Running a successful internet business without using the data you accumulate to your advantage is clearly impossible in this day and age. Until about one year ago, Baidu, the web company behind the largest Chinese-language search engine and the country’s answer to Google, had a major technology problem on its hands.
The queries Baidu product managers ran against its databases took hours to complete because of the huge amount of data stored in the company’s data centers. Baidu needed a solution, and its engineers were given the goal of creating an ad-hoc query engine that would manage petabytes of data and finish queries in 30 seconds or less.
The first step was to get rid of MapReduce, the open source distributed computing framework that’s part of Apache Hadoop and that has for years been the most popular framework for batch analytics. Google, the creator of MapReduce, stopped using it years ago because it couldn’t handle the amount of data it needed it to handle, replacing it with a new proprietary framework called Cloud Dataflow.
Read more: Google’s MapReduce Divorce Does Not Mean End of Hadoop is Near
Baidu switched to Spark SQL, a query engine that enables you to run SQL queries against Apache Spark, the open source Big Data processing engine that replaces the batch analytics approach of MapReduce and Hadoop with real-time, or stream analytics. It helped, but not to the extent they had hoped.
Spark SQL queries were about four times faster, but each query still look about 10 minutes to complete.

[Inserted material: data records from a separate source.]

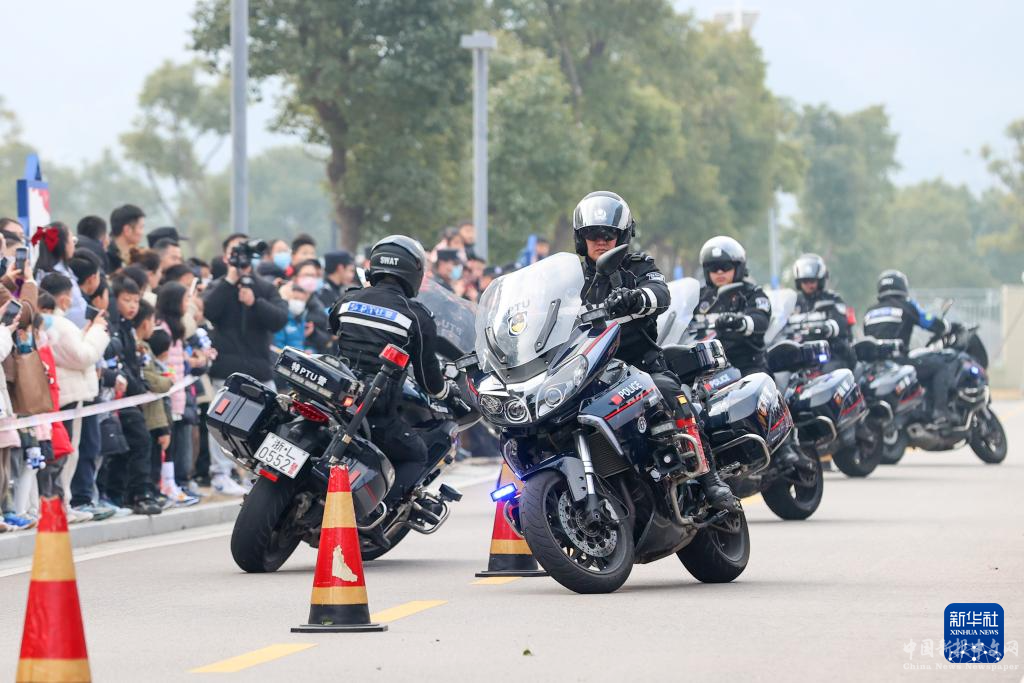 1月7日,市民在浙江省舟山市公安局舉行的警營開放日活動現(xiàn)場觀看警用摩托車表演。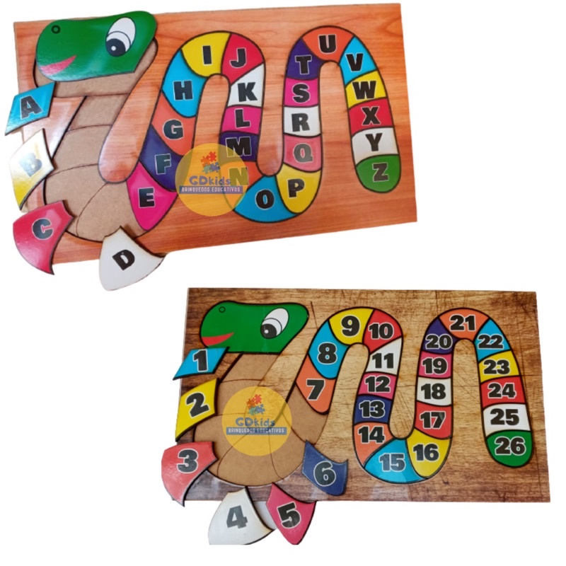 kit 2 Quebra Cabeças Alfabeto e Números Educativo Pedagógico Alfabetização em MDF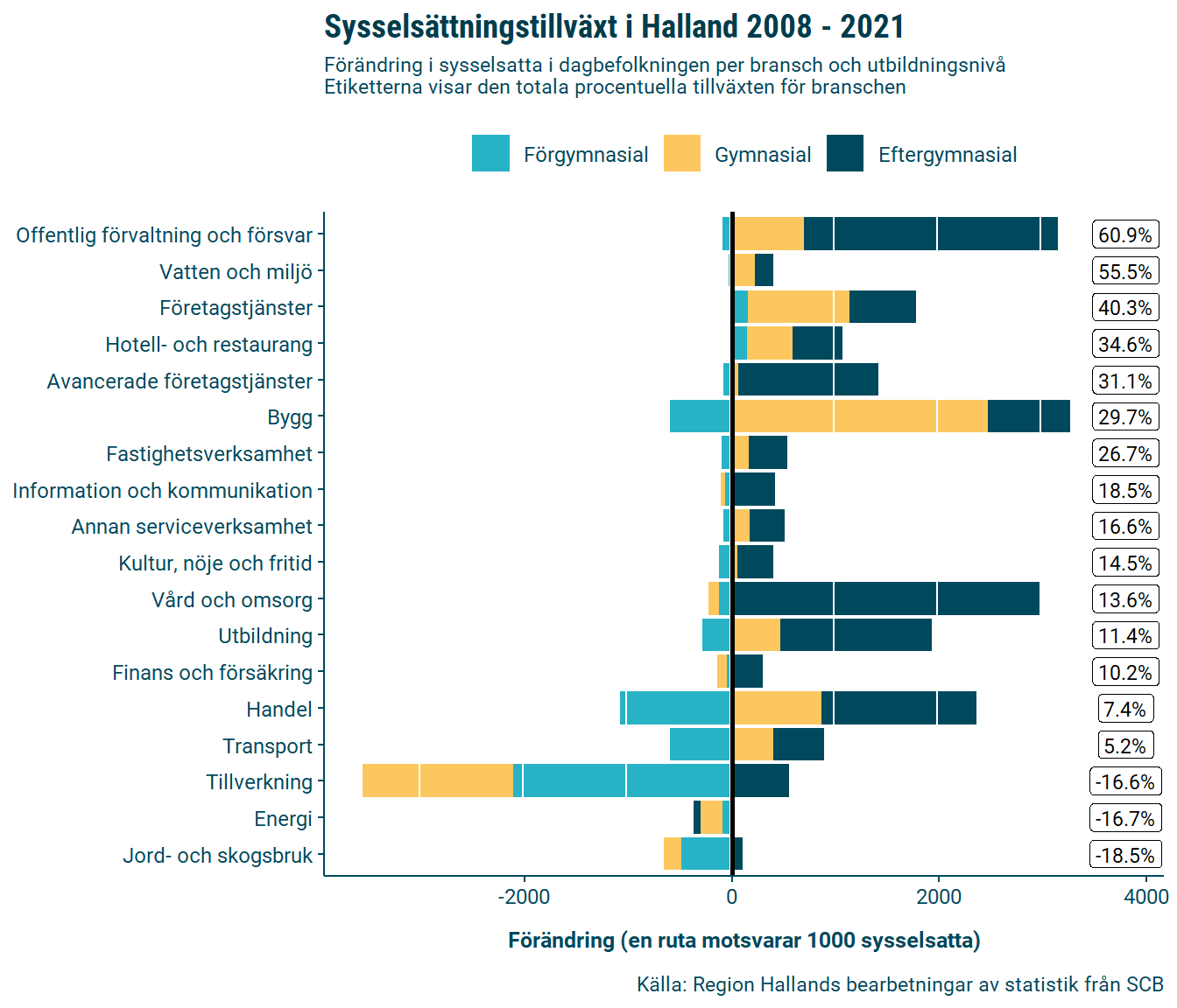 Under perioden 2008–2021 ökade antalet sysselsatta i Hallands län med 12,3 procent (14 620 personer). Detta var den femte högsta tillväxten i landet och endast Stockholm, Skåne, Uppsala samt Östergötland hade en högre tillväxttakt. Bakom nettosiffran döljer sig en förhållandevis omvälvande förändring på arbetsmarknaden under den här perioden. Nedbrutet på utbildningsnivå framkommer att antalet sysselsatta med en förgymnasial utbildning minskade kraftigt samtidigt som antalet sysselsatta med en gymnasial eller eftergymnasial utbildning ökade markant. Utifrån ett utbildningsperspektiv ökade således kunskapsinnehållet på länets arbetsmarknad under denna period. Man kan också uttrycka det som att, utifrån ett utbildningsperspektiv, trösklarna in till arbetsmarknaden har höjts.
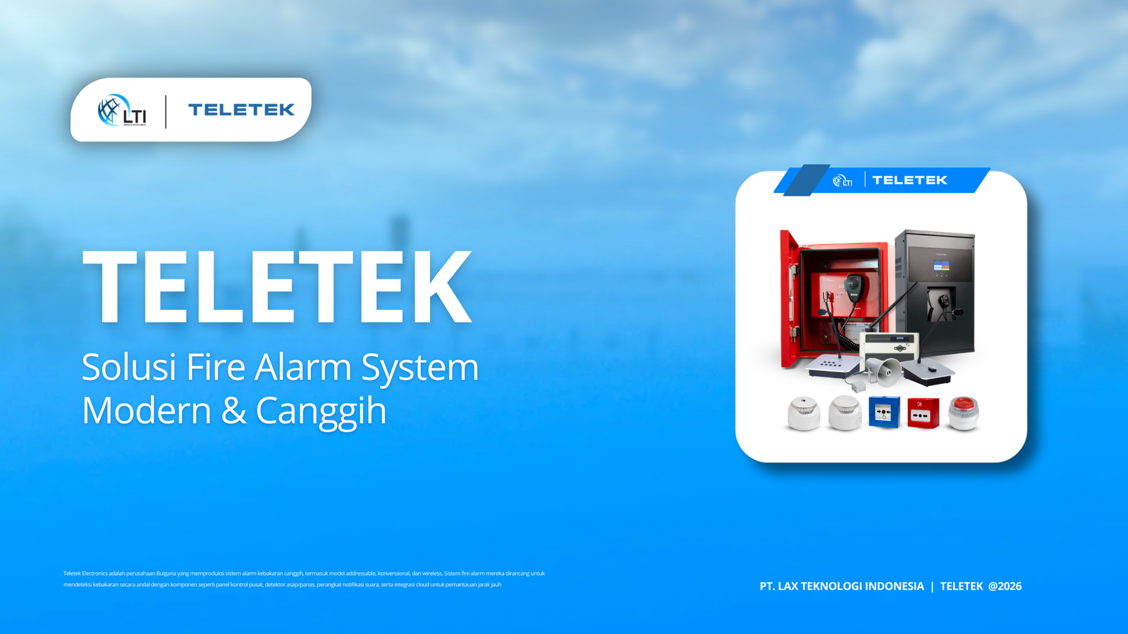 Kebutuhan akan sistem keamanan kebakaran yang andal semakin meningkat, terutama untuk bangunan modern seperti perkantoran, rumah tinggal, hingga fasilitas industri. Salah satu solusi terbaik yang LTI sediakan yaitu Teletek, sistem deteksi kebakaran canggih yang dirancang untuk memberikan perlindungan maksimal dengan respon cepat dan akurat.

Upon closer inspection, the team found that it wasn’t the way the CPUs behaved that slowed the process down. The problem was the network, and, more specifically, the way the query engine used the network to access stored data. Baidu’s data lives in multiple data centers, and to run a query, the system would have to transfer data between sites, stressing the networks and causing big delays.
In-Memory Performance With any Storage
To solve this problem, they turned to a relatively young open source project born at the University of California, Berkeley. At the time, the project was called Tachyon. The software turns a set of disparate storage systems into a single virtual storage pool accessed via a single API, but, more importantly for Baidu, it makes that single virtual storage system behave the same way an in-memory system does, where data that’s being processed sits in memory of the clustered servers that are processing it, making the process exponentially faster.
The project was recently renamed as Alluxio, which is also the name of a venture capital-backed startup founded by one of its original creators. The company’s founder and CEO, Haoyuan Li, was one of the founding contributors for Spark, which also came out of the AMPLab at UC Berkeley, where he was a PhD candidate at the time.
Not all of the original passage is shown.